2. This Isn't the Same as Previous Benchmarks - On ARC-AGI-2, these same models score between 65-85%. ARC-AGI-3 is fundamentally different. It tests 135 novel interactive environments where agents must adapt in real time, not pattern-match from training data.

3. The Methodology Is Controversial - Scoring uses a squared efficiency penalty that critics say is designed to produce low numbers. Extended-thinking models were excluded. Some argue the benchmark is unfair by design.
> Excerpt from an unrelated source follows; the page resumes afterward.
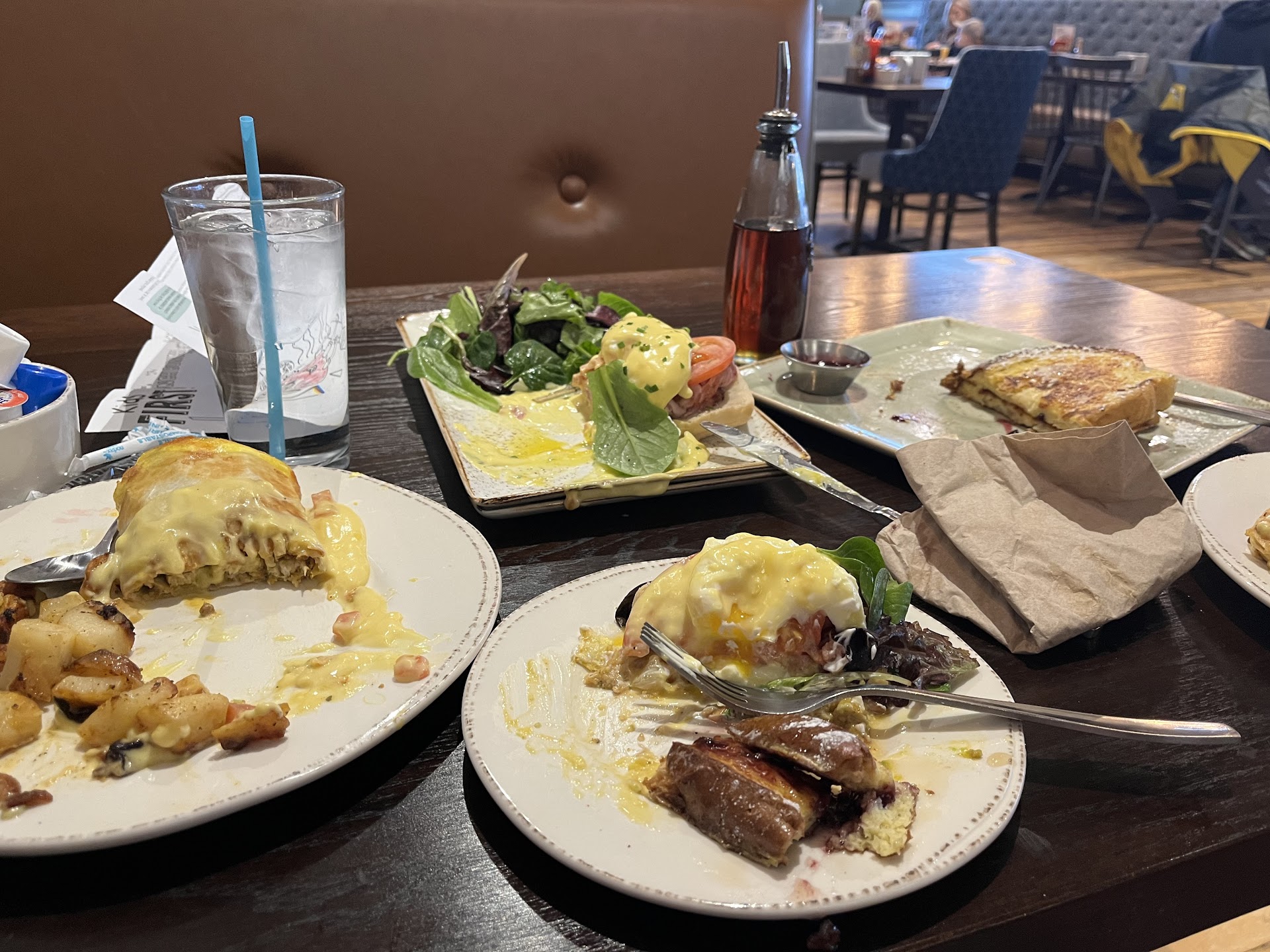 What specifically inspired me to write this review is our server Kayla (I hope that's right!) from this morning. When we received our food, one person at our table did not. That's my partner, and he has a serious peanut/tree nut allergy. Kayla informed us that when she herself saw a kitchen employee handling his food without care to allergens (she specifically said the spot where the food was being prepared), she made them put the food back and start over. It might seem like a small favor, but was actually a huge blessing. It's hard to come into a restaurant with (or with someone who has) food allergies and feel completely relaxed about it. How do you REALLY know they're back there in the kitchen with safe practices? It was Kayla who went above and beyond for my partner so we could feel unbridled excitement and full enjoyment to eat our food - no anxiety.

ARC founder François Chollet's core argument: today's models only perform well when humans build scaffolding around them. If it's truly AGI, there should be no human in the loop. With OpenAI renaming its division "AGI Deployment" and a $2M Kaggle prize now live, this benchmark is a direct challenge to the industry's biggest claims. You can play it here

Together with Grapevine

📉 Consumers Are More Media-Savvy Than Ever. Here's What Still Converts.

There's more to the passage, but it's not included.